New York, Stati Uniti, maggio 2020. Le foto in queste pagine sono state scattate a New York durante il picco dell’epidemia di covid-19 nella città, quando erano in vigore rigide misure di distanziamento sociale (Dina Litovsky, Redux/Contrasto)

Dati al servizio del bene

Oltre a questa quotidiana raccolta di informazioni, Facebook sta ampliando anche il suo programma Disease prevention maps, mappe per la prevenzione delle malattie. Il progetto usa i dati di localizzazione generati con le app del social network per aumentare “l’efficienza delle campagne sanitarie e della lotta all’epidemia” ed è già stato impiegato nel tracciamento del colera in Mozambico e nel contenimento del virus zika. Ora tre nuovi strumenti – le Colocation maps, i Movement range trends e il Social connectedness index – dovrebbero permettere di studiare come il raggio degli spostamenti e dei contatti sociali della popolazione contribuisce alla diffusione del covid-19 e di capire se le restrizioni imposte alla popolazione stanno funzionando o se servono nuove misure. Anche qui, il motto dei processi di mappatura promette molto: data for good, la missione è fare del bene.

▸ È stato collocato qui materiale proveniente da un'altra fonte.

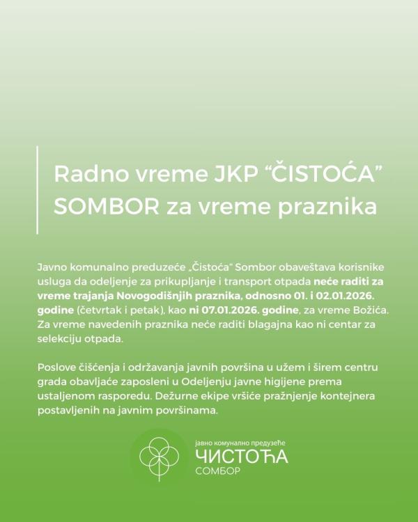 Javno komunalno preduzeće „Čistoća“ Sombor obaveštava korisnike usluga da odeljenje za prikupljanje i transport otpada neće raditi za vreme trajanja Novogodišnjih praznika, odnosno 01. i 02.01.2026. godine (četvrtak i petak), kao ni 07.01.2026. godine, za vreme Božića.Za vreme navedenih praznika neće raditi blagajna kao ni centar za selekciju otpada. Poslove čišćenja i održavanja javnih površina u užem i širem centru grada obavljaće zaposleni u Odeljenju javne higijene prema ustaljenom rasporedu. Dežurne ekipe vršiće pražnjenje kontejnera…

Facebook, però, non si limita a farsi pubblicità nel ruolo di strumento disinteressato a disposizione delle autorità sanitarie. Con il mappatore sociale mira a estendere la sua sfera d’influenza e a rafforzare la sua leadership. E quindi se a marzo Mark Zuckerberg ha donato 720mila mascherine agli ospedali pubblici e 25 milioni di dollari al progetto di ricerca Covid-19 therapeutics accelerator, non l’ha fatto solo per apparire un caritatevole filantropo impegnato per il bene comune. La sua azienda vede nella crisi un’opportunità per diventare da semplice social network a una specie di rete di ricerca. Facebook, quindi, cerca di accreditarsi come l’infrastruttura pubblica che ha sempre voluto essere: un elemento essenziale al mantenimento del sistema.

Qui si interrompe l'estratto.